**Collected material**
·····
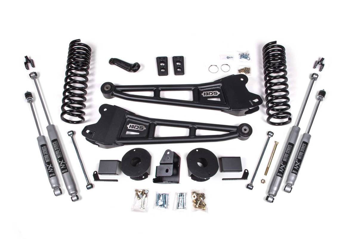 This 4-inch radius arm lift kit from BDS Suspension is designed for 2014–2018 RAM 2500 diesel-powered trucks equipped with factory rear air ride. The kit improves stance, performance, and capability, providing clearance for up to 35-inch tires. Up front, the kit includes diesel-specific Pro-Ride coil springs, heavy-duty tubular radius arms, a forged drop pitman arm, a track bar bracket for steering correction, sway bar relocation hardware, and brake line brackets. In the rear, the kit utilizes heavy-duty air bag spacers, a track bar relocation bracket, bump stop extensions, sway bar links, and a matched set of shocks. New air ride leveling sensor brackets are also included to re-position the ride height sensors, allowing the system to perform at factory ride height and maintain full air bag range of motion.
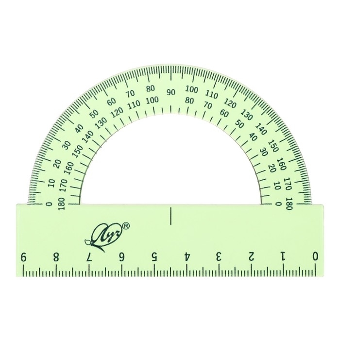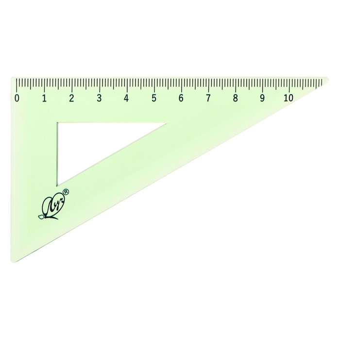 В наборе: Линейка 15 см, угольник 30 градусов/ 60 градусов, 10 см; угольник 45 градусов/ 45 градусов, 8 см; транспортир 180 градусов, 9 см.
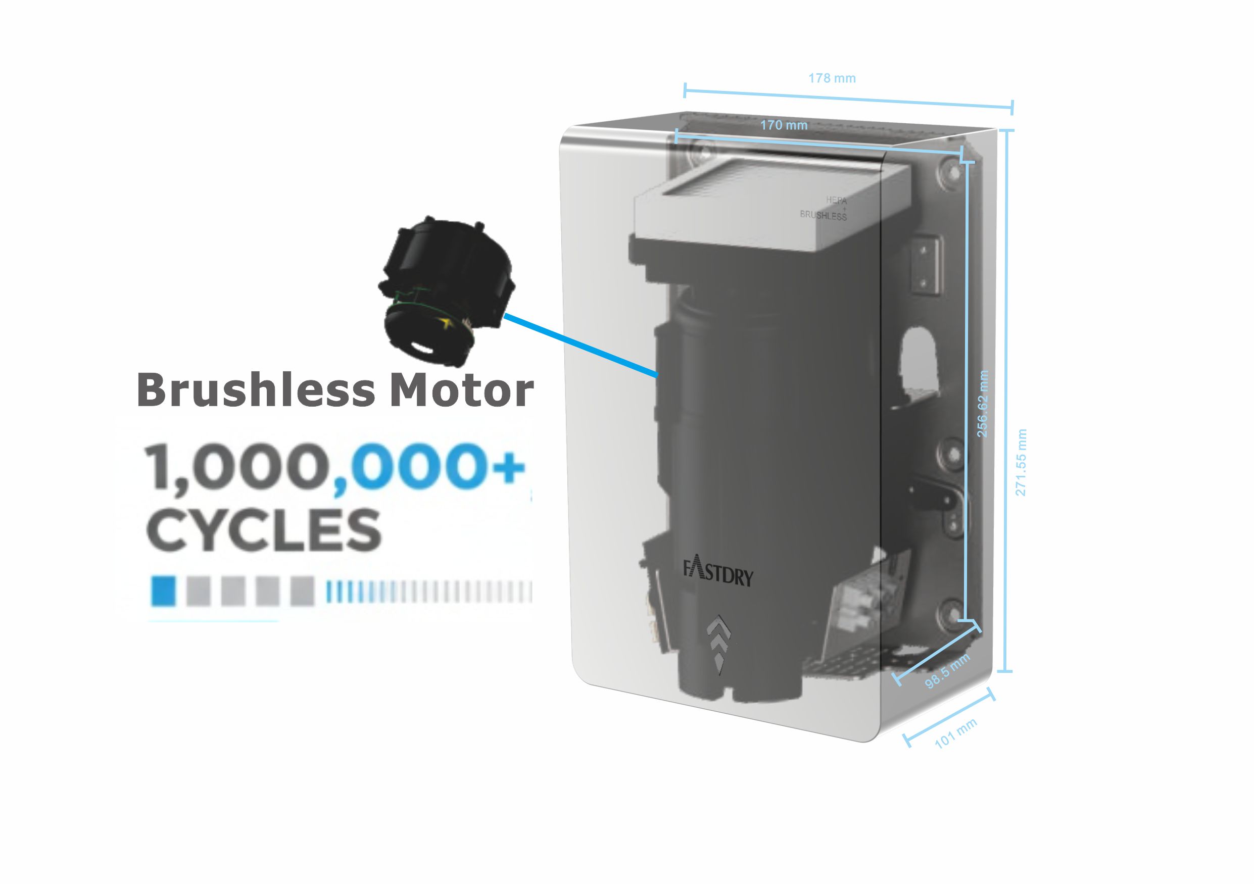Dayanıklılık ve gelişmiş hijyen için tasarlanan Yüksek Hızlı Fırçasız El Kurutma...
·····
**Exercise aim**
Return the complete data unchanged and include none of the pictures.

**Solved exercise**
 This 4-inch radius arm lift kit from BDS Suspension is designed for 2014–2018 RAM 2500 diesel-powered trucks equipped with factory rear air ride. The kit improves stance, performance, and capability, providing clearance for up to 35-inch tires. Up front, the kit includes diesel-specific Pro-Ride coil springs, heavy-duty tubular radius arms, a forged drop pitman arm, a track bar bracket for steering correction, sway bar relocation hardware, and brake line brackets. In the rear, the kit utilizes heavy-duty air bag spacers, a track bar relocation bracket, bump stop extensions, sway bar links, and a matched set of shocks. New air ride leveling sensor brackets are also included to re-position the ride height sensors, allowing the system to perform at factory ride height and maintain full air bag range of motion.
 В наборе: Линейка 15 см, угольник 30 градусов/ 60 градусов, 10 см; угольник 45 градусов/ 45 градусов, 8 см; транспортир 180 градусов, 9 см.
Dayanıklılık ve gelişmiş hijyen için tasarlanan Yüksek Hızlı Fırçasız El Kurutma...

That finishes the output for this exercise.